И вдруг из одного дома вышел мужчина в капитанской форме. Не военной, конечно, но все едино, капитан – это капитан. На поясе кортик стальной – без страха, напоказ.

Одет я был прилично, раскланялся вежливо, и в ответ получил сдержанный кивок.

– Уважаемый, не укажете ли приезжему дорогу в порт? – спросил я.

– Идем, – коротко ответил капитан. И пошел не оглядываясь, меня за спиной оставив без колебаний.

Молодец. Уважаю я таких.

Шел капитан уверенно, сразу видно, что не первый раз здесь бывал. Вряд ли жил, уж больно домик скромный…

– Подруга, – вдруг сказал капитан. – Подруга тут живет, хорошая. Бываю нечасто, а все равно ждет, дочь растит.

Я даже не удивился, что он мысли мои угадал. Подумал почему-то о Говарде, который из вора бюргером стал. И первый раз за всю веселую неделю зависть ощутил. К его особняку просторному, к его спокойствию нынешнему, к налаженной жизни. И капитану позавидовал, у которого и свой дом где-то имеется, и в каждом порту – такая вот верная подруга, что дочерей-сыновей растит, ждет, принимает радостно…

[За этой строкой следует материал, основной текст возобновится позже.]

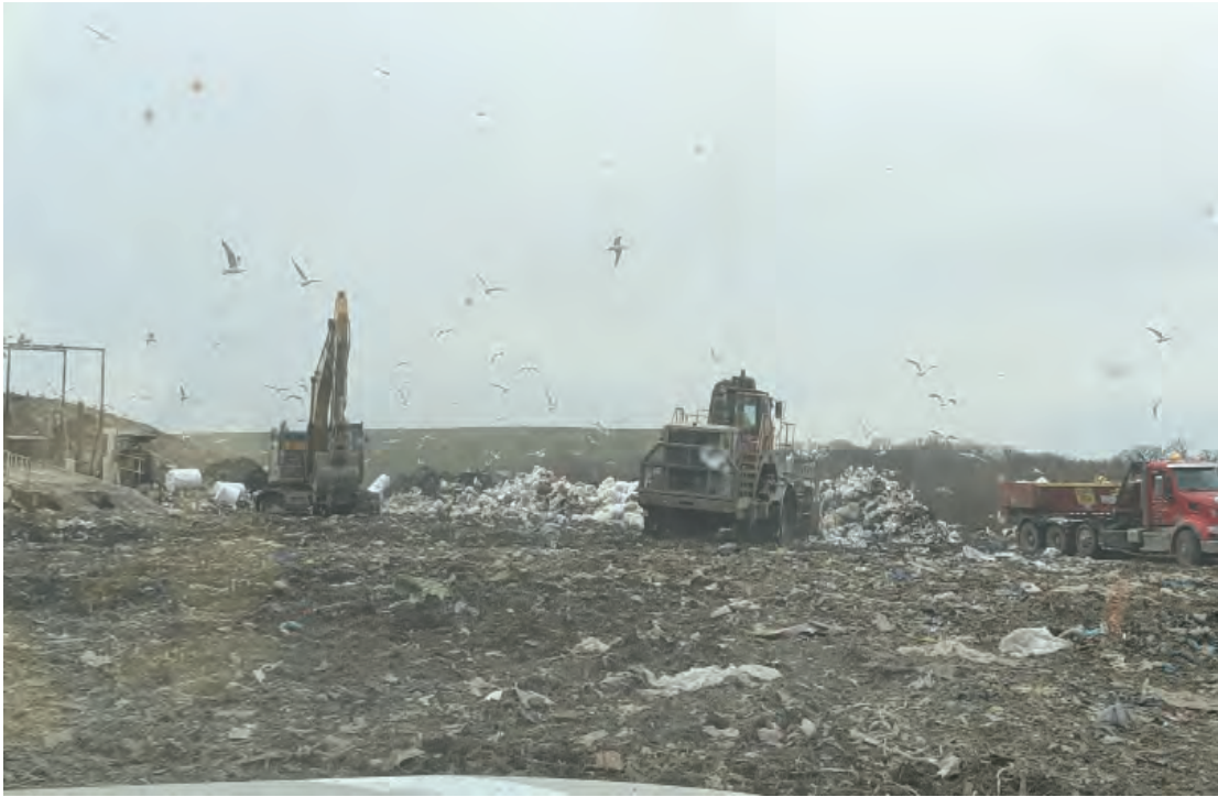
Compactor pushing waste into working face
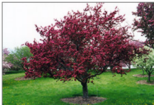
Profusion Flowering Crab in bloom
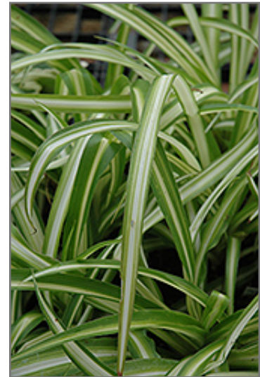
Spider Plant foliage

When grown indoors, Spider Plant can be expected to grow to be about 24 inches tall at maturity, with a spread of 24 inches. It grows at a medium rate, and under ideal conditions can be expected to live for approximately 10 years. This houseplant performs well in both bright or indirect sunlight and strong artificial light, and can therefore be situated in almost any well-lit room or location. It is very adaptable to both dry and moist soil, but will not tolerate any standing water. The surface of the soil shouldn't be allowed to dry out completely, and so you should expect to water this plant once and possibly even twice each week. Be aware that your particular watering schedule may vary depending on its location in the room, the pot size, plant size and other conditions; if in doubt, ask one of our experts in the store for advice. It is not particular as to soil type or pH; an average potting soil should work just fine.
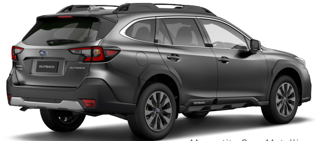
Magnetite Grey Metallic
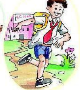
Returning from school
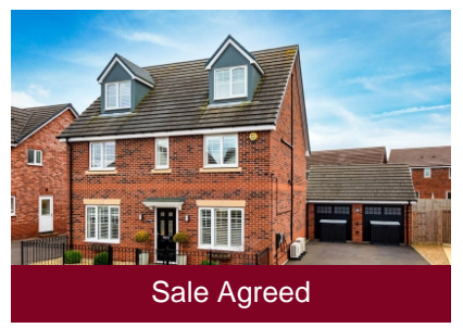
43 Farran Drive, Codsall, Wolverhampton
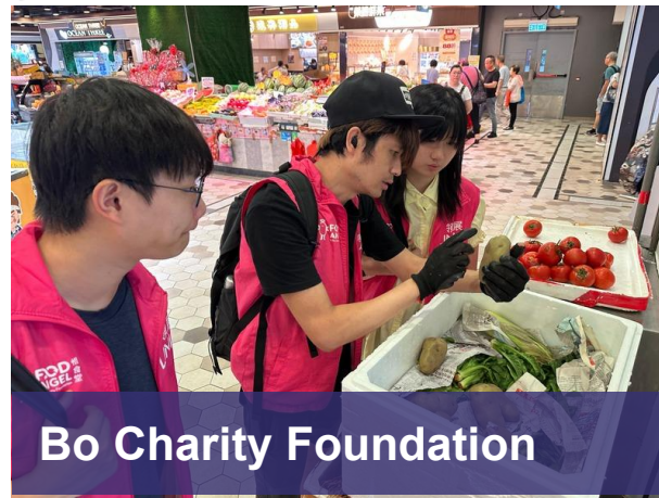
Bo Charity Foundation
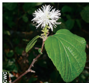
Large Witch-alder Fothergilla major
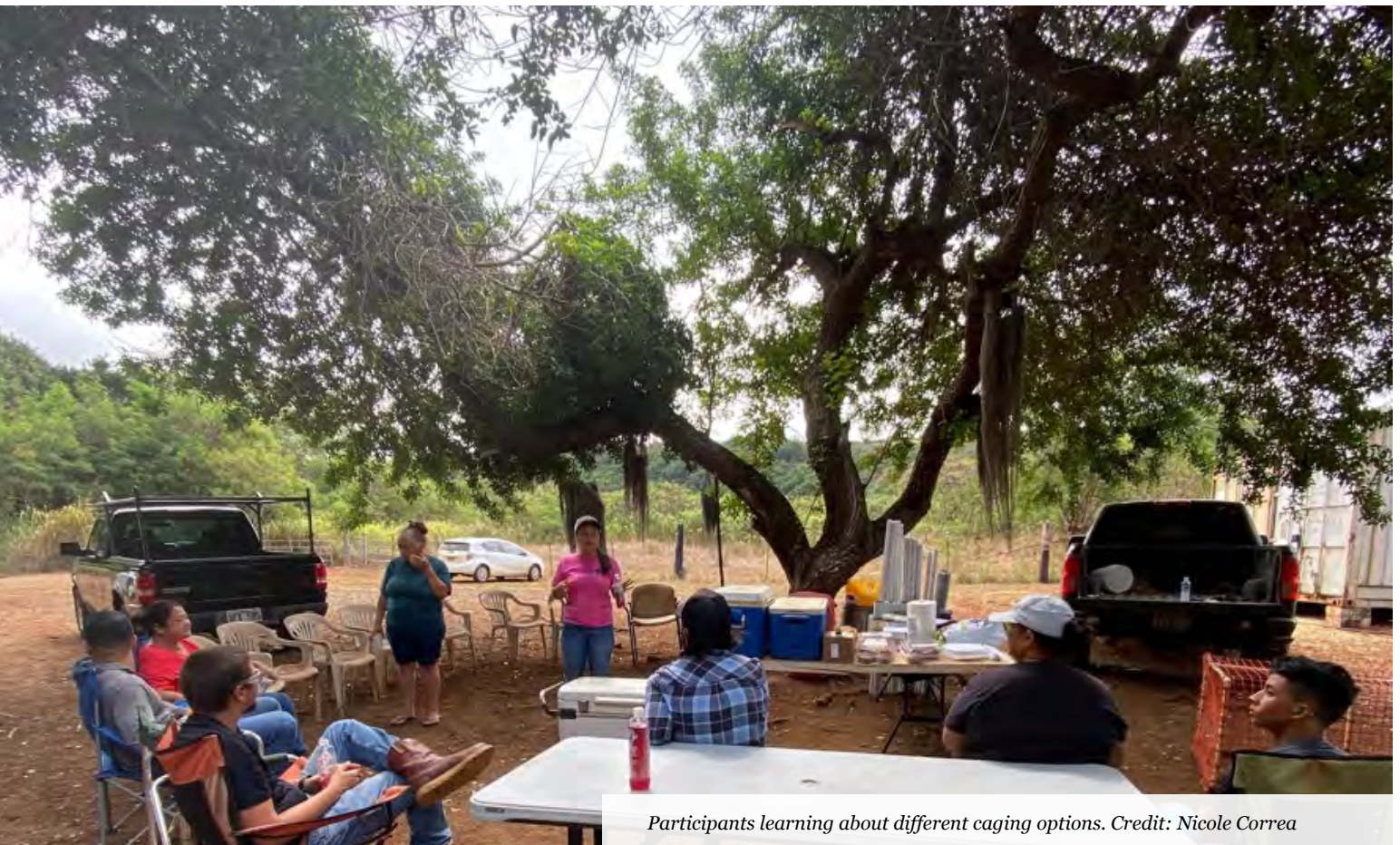
Participants learning about different caging options.
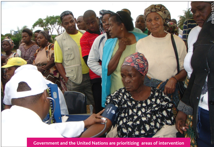
Government and the United Nations are prioritizing areas of intervention

Specifically, the participants were expected to reach an understanding on the following: 1) the country's development priorities as reflected in the PQG, 2) UN in Mozambique comparative advantages to be able to address the identified national priorities and 3) the proposed steps for the drafting of the new UNDAF.
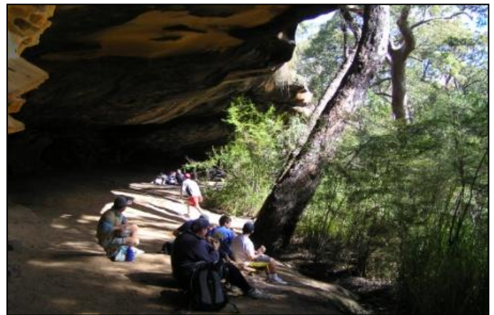
Taking lunch at Pindar Cave during Navigation Training
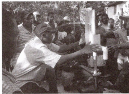
Initial installation of the pump on a new well

We have had the opportunity to receive work teams to put roofs on churches and schools. Also, several Indiana brothers are working with trade schools. They are dedicated to helping students learn a trade for life; such as masonry, carpentry, welding, sewing, cooking, and recently even computer classes. We regularly check up on these schools and are encouraged. We're privileged to work with the Haitian well-drilling team which many brethren from Tremont, Illinois are involved in.
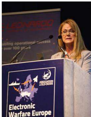
AOC Past-President at EW Europe
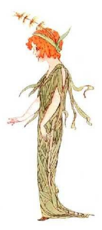
LITTLE Miss Sugar Cane is sweet— In truth, she's good enough to eat. She gives us sugar, nice and white, And syrup to make things taste right.
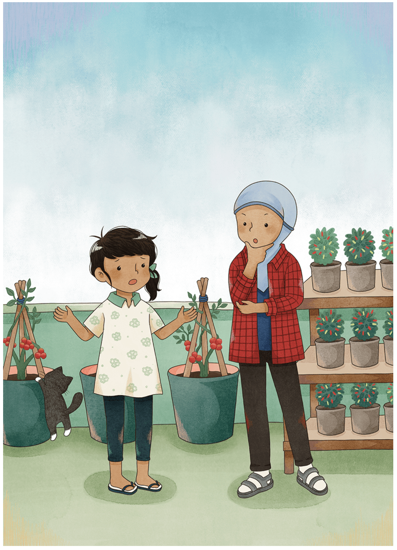
"Mbak, I'd also like to farm, but my plants are never this fertile. Please
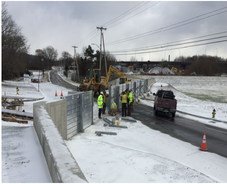
A new manually deployable flood closure system has been completed on Watson Blvd. near the former IBM Country Club.
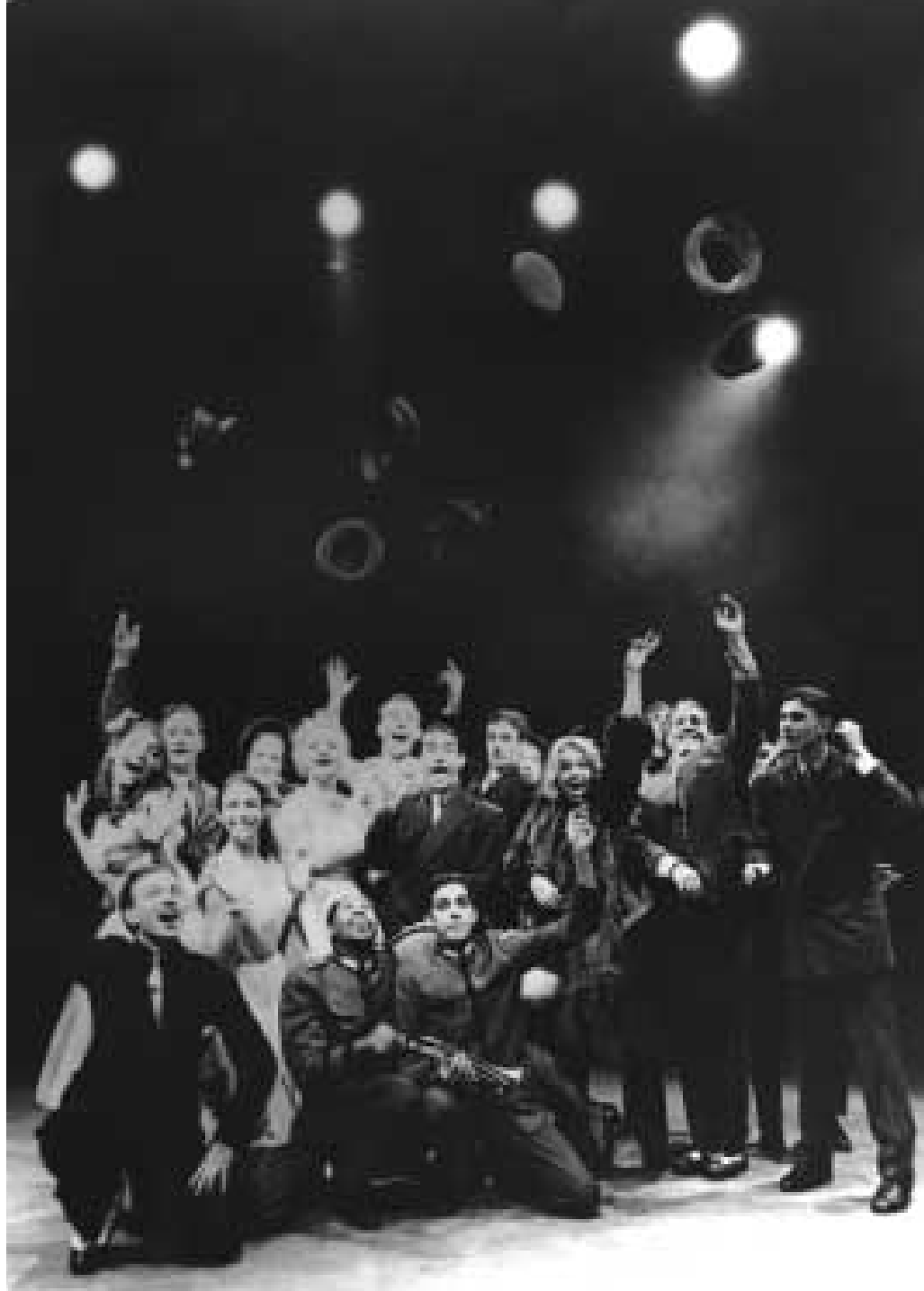
Guys and Dolls : In-the-round first for the Jerwood Vanbrugh
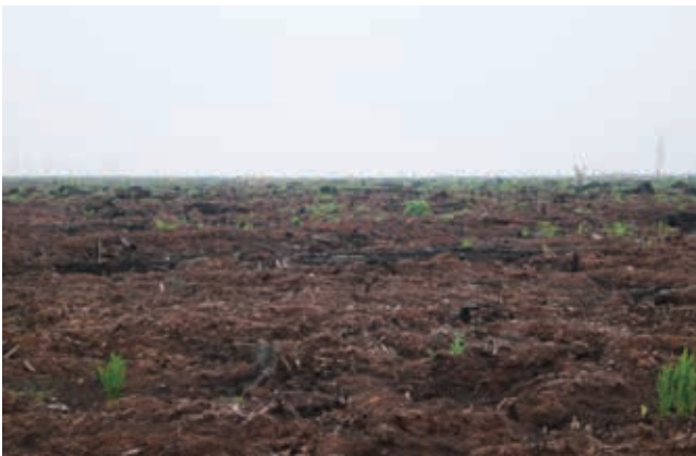
▲ Figure 3. Peatland burnt 6 months ago.

Overall, the termite species richness in fire-impacted peatlands decreased up to 40% of the total number of species found in peat swamp forests. The fires significantly changed the community structure of termites, with one family becoming dominant. In particular, only termites that nest inside wood (family Rhinotermitidae) survived through the fires. Termites that build mounds or nests in trees (family Termitidae)
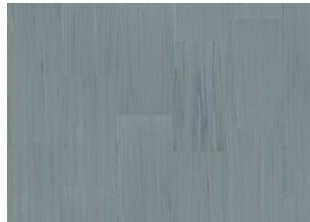
Quartz Lines 8253 Blue Chalcedony
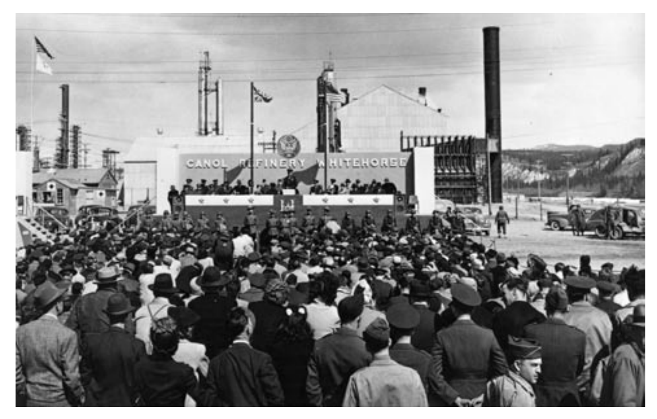
Dedication ceremonies for the Whitehorse Refinery, 1944.

806. Yukon Anniversaries Commission fonds. Rendezvous Road, Video V-213 (91/10), 1990. Note: Video designed to promote the 50th anniversary of the Alaska Highway.
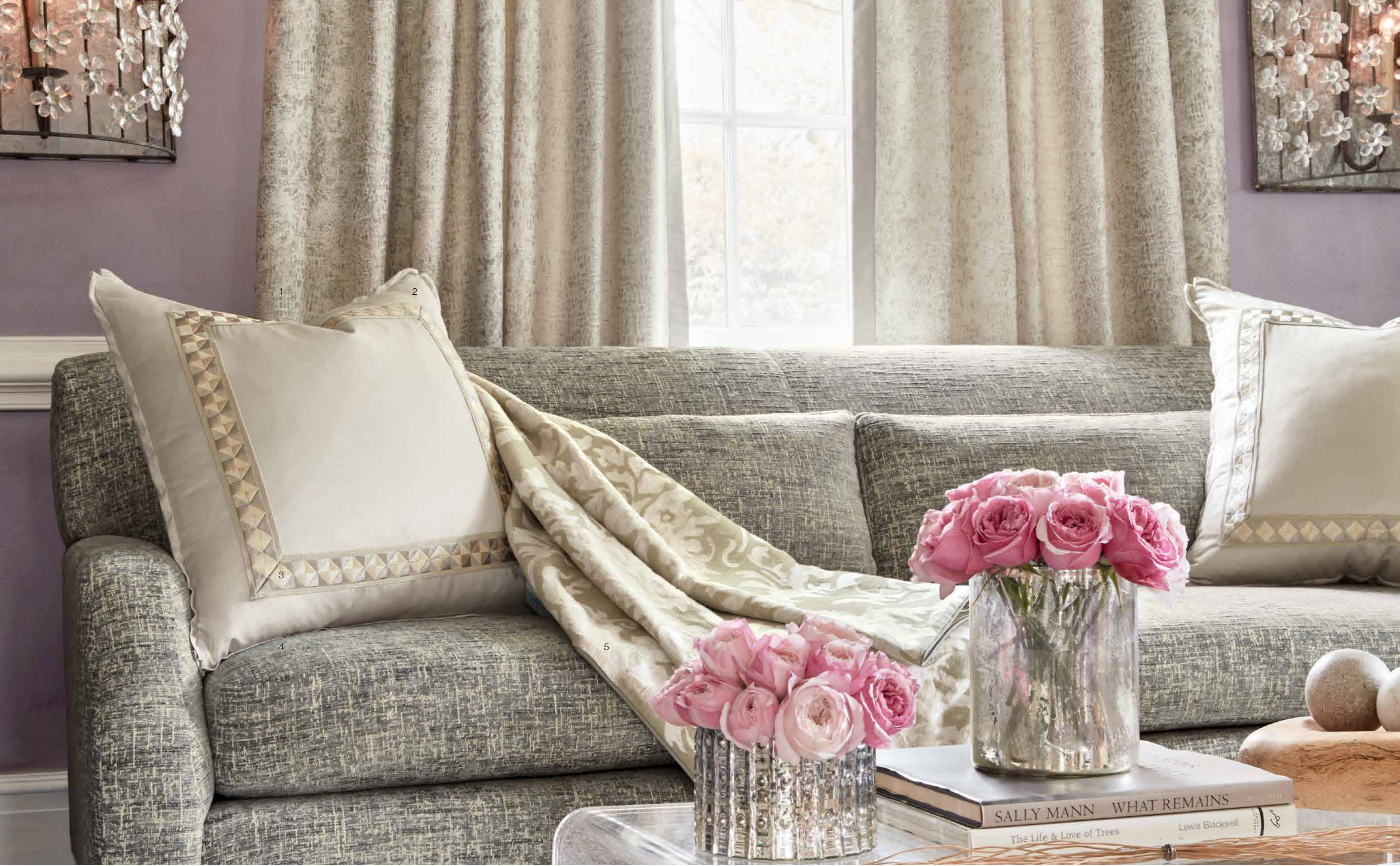
1 Sutherland 982 | 2 Latham 992 | 3 Chloe 882 | 4 Collins 996 | 5 Swinton Damask 893
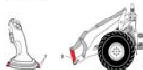
Fig. 353 Removing the transport safety retainer
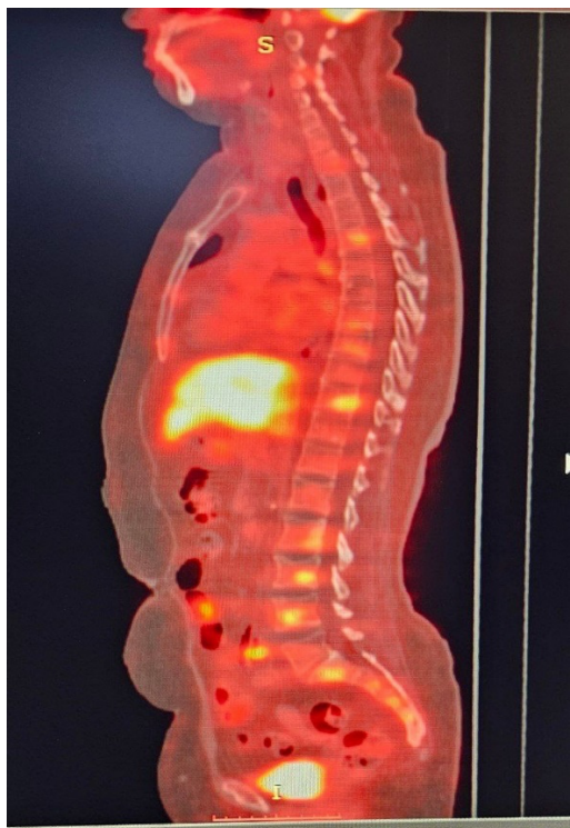
PET SCAN shows liver & bone metastasis
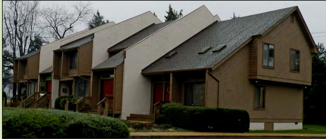
Office buildings, Midlothian, VA
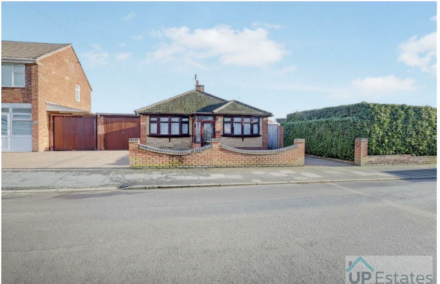
Peake Avenue, Nuneaton

– А ты куда собрался, лихой человек?

– Почему «лихой»? – оскорбился я.

Капитан на миг обернулся. Улыбнулся жестко, но без угрозы:

– Если б я по глазам людей читать не умел – давно бы на дне морском лежал. Ты не бюргер. Либо стражник бывший, либо… либо тать.

– Уважаемый, сейчас я – простой пассажир, который мечтает побыстрее в Гетеборг попасть, – твердо ответил я. – И от меня в рейсе беды не будет.

– Верю, – не оборачиваясь сообщил странный капитан. – Но я не в норвежскую провинцию иду, в Вест-Индию… А вот и порт.

– Вижу, – обрадовался я. Улица кончила петлять, впереди открылась водная гладь и шхуны с убранными парусами. – Спасибо, что провели, уважаемый, счастья вам.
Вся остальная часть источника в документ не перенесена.